Postalcı gazetelerimizden biri, Kemalist esnafla Kemalist tüketiciyi buluşturuyor.
Bugüne kadar bu muhabbetin tellallığı "fikir mastürbasyonu" düzeyinde sürüp giderdi, şimdi artık gerçek anlamda "emtia alım-satımı" işine de girmişler.
Bu gazetenin reklamcı yazarlarından biri, hani Somali'ye gider gibi yapıp da Kenya'ya giden Kılıçdaroğlu'yla uçakta bir söyleşi yapmış, neleri sevip neleri sevmediğini sormuştu ya...
Kemal Bey de "Nuri İyem'in tablolarını çok sevdiğini" söylemişti hani... (Bu tablolarda ablak suratlı birtakım köylü kadınları resmedilir ve altmışlı yılların köylü modasına takılıp kalmış yarı-aydınların hissiyatı gıdıklanır. Hani şu evinin duvarlarını bakır bakraç, kilim ve makrameyle süsleyen takım...)
Sanatçıya haksızlık etmeyelim, bazı eserleri ünlü Fransız gerçekçi ressamı Millet havasındadır, kimileri de genellikle Gauguin'i hatırlatır.
Fakat Kılıçdaroğlu'nun parası çıkışmadığı için bunlardan alamıyormuş, hatırlayacaksınız.

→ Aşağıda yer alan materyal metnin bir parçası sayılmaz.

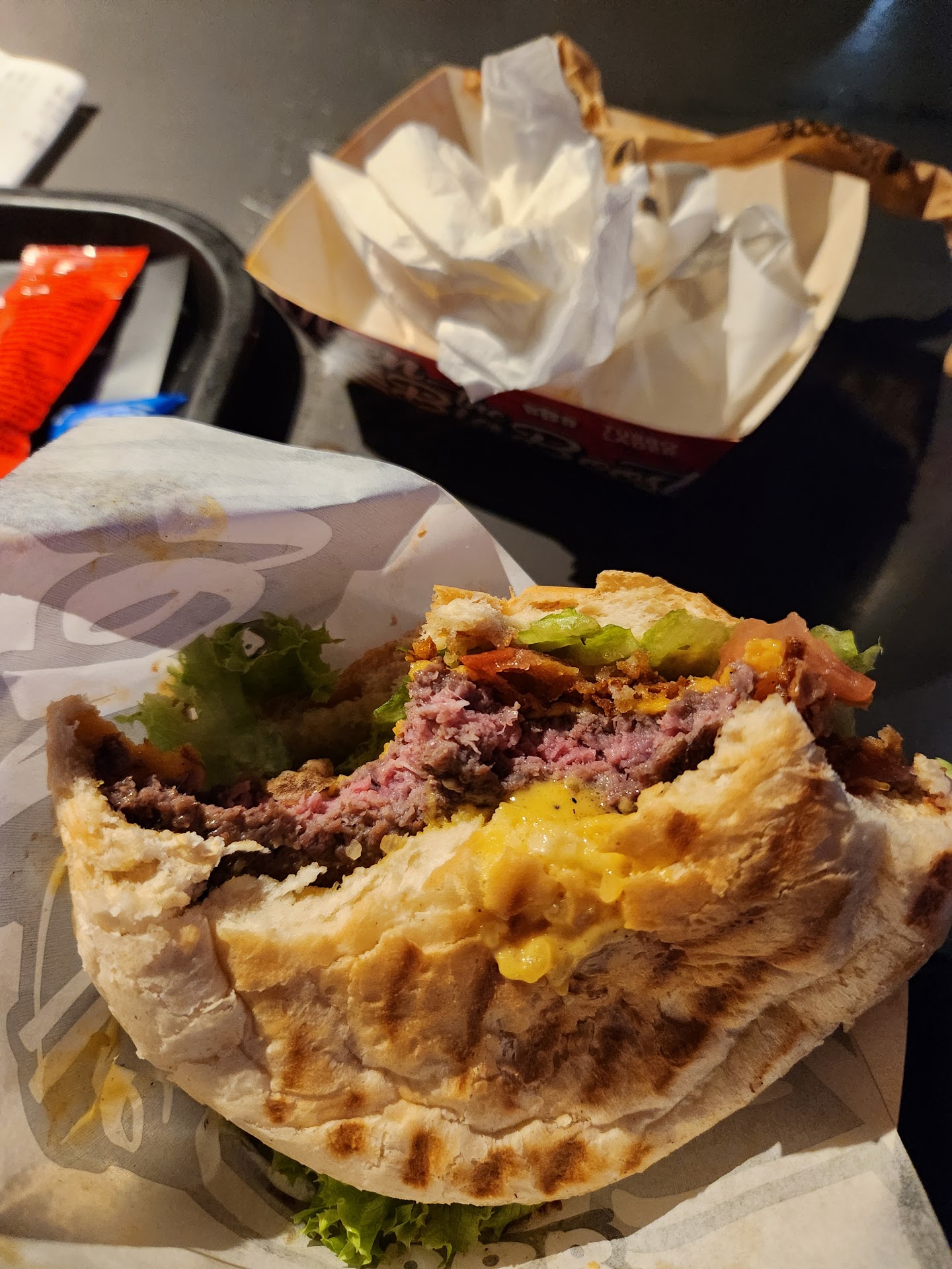 Das Ambiente war zudem auch total anders als sonnst. Gut ich muss zugeben wegen der essener Motorshow halt etwas überlaufen aber trotzdem dieses rum gebrülle im Laden und 2x anstellen müssen einmal zum bestellen und einmal abholen, das könnte man doch mit einer Anzeige Tafel besser machen wenn man doch weiß das so hoher Andrang da ist.
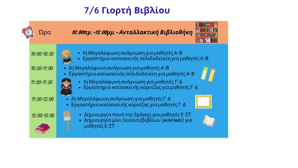 10:00πμ.-13:00μμ.- Ανταλλακτική Βιβλιοθήκη
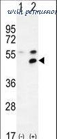 Western blot of MPP1 (arrow) using rabbit polyclonal MPP1 Antibody. 293 cell lysates (2 ug/lane) either nontransfected (Lane 1) or transiently transfected (Lane 2) with the MPP1 gene.
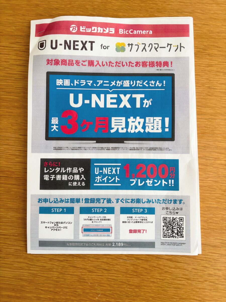 実は今回の移行で、U-NEXTが3か月無料だったんです。
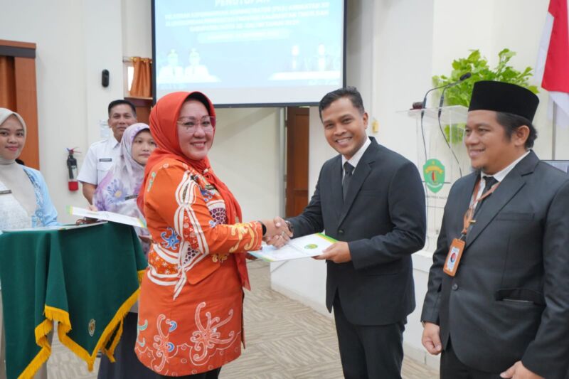 Kepala BPSDM Kaltim, Nina Dewi menyampaikan ucapan selamat kepada Wildan Taufik dari Kesbangpol Kaltim meraih peringkat pertama di Pelatihan Kepemimpinan Administrator (PKA) Angkatan XII. (Foto BPSDM Kaltim/Niaga.Asia)
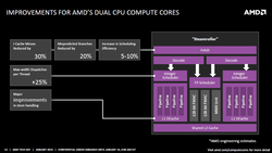 Doch woher kommt die plötzliche Mehrleistung? Ein entscheidender Grund dürfte die Aufteilung beziehungsweise Verdoppelung des bislang zwischen zwei Integer-Kernen geteilten Decoders sein – statt nur einem gibt es nun also zwei eigenständige Decoder pro Modul. Das kostet zwar Transistoren und Leistungsaufnahme, verbessert aber gleichzeitig auch die Auslastung und trägt so zu einer höheren Performance bei. Wenn man so will, weicht AMD mit dieser Maßnahme das eigentliche Modul-Konzept wieder ein Stück weit auf. Darüber hinaus sollen eine verbesserte Load/Store-Einheit, größere Register, eine optimierte Sprungvorhersage sowie ein aufgebohrter L1 Instruction Cache (96 statt 64 KB pro Modul) zur Leistungssteigerung beitragen.

Paraları havuzlu sitede villa alımına hasredeceksin, bu öğrenilince önce reddedeceksin, sonra da sıkışınca "benim haberim yok, hanım almış" diyeceksin, ama tablo almaya para bulamayacaksın, ayıp oluyor.
Neyse, artık bozum olmana gerek kalmadı.
Sözünü ettiğim gazetenin haberine göre, Nuri İyem Resim Fabrikası'nın günümüzdeki CEO'su Ümit İyem, emekçi halkımın temsilcilerinin babasının mallarını gönül rahatlığıyla tüketemez olmalarına üzülmüş.
Neticede bu domates değil ki Ahmet Necdet Sezer gibi elinde fileyle GİMA'nın kasasında kuyruğa giresin de iki kilo alasın...
Merhum Nuri İyem'in oğlu Ümit Bey, babasının mallarını, özellikle Kılıçdaroğlu gibi Kemalist bir müşteriye hem indirimli hem de taksitle verebileceğini açıklamış.
Üstelik elinde, depo fazlası, ehven fiyatlı bir miktar mal da varmış.
Hayır, ihraç fazlası değil. Bu ürünleri Batı'da kimse "yemeyeceği ve yutmayacağı" için ihracat yapılamıyor. Arap pazarı desek, onlar da resim sevmezler.
Yok, tövbe, merhum her zaman tablolarının fiyatlarını "çoğunluğun satın alabileceği şekilde" ucuz tutmuş ama maalesef piyasada değer kazanmış bu tablolar... Pis burjuvalar spekülasyon yapmışlar, tablo fiyatları beşe katlanmış... Fakat bugün bile, bazı galerilerde ve müzayedelerde "ehven fiyata" bulunabilenleri varmış:
10 bin liradan başlayıp 100 bin liranın üzerine kadar çıkabiliyormuş bunlar. Ama küçük bir portre ya da peyzaj 7 bin liraya bile alınabilirmiş.
(Rahmetli İyem sağ olsaydı, belki sonbaharda palamut akını gibi tablo sayısı arttıkça fiyatlar daha da düşebilirdi, ömrü elvermedi.)
Kemal Bey'in maaşı yedi bin liraya tablo almaya bile elvermediğine göre, kendisine bir "kıyak" yapmak şart olmuş.
Ümit Bey, Kılıçdaroğlu'na çok saygı duyarmış. (Evet, kendisine saygı duyan da varmış amigo gazeteciler haricinde.)
"Yardımcı oluruz, kolaylık gösteririz" diyor.
"İsterse taksit yaparız" demiş.
Fakat kredi kartı geçer mi, buna bir açıklık getirmemiş.
Kemal Bey bu kampanyayı kaçırmasın, vakitlice ve de ucuz ucuz birkaç Nuri İyem edinsin.
Reklam yazarı arkadaştan da bir ricamız var: Kılıçdaroğlu'nun en sevdiği yazarın da Yaşar Kemal olduğunu açıklamıştı ya... Sorsun bakalım Semiha bacıma, ellerinde depo artığı kitap varsa Kemal Bey'e kiloyla vermeyi düşünürler mi?
Kemal Bey'i kültürsüz bırakmasınlar, sonra acısını bütün muhalefet çeker.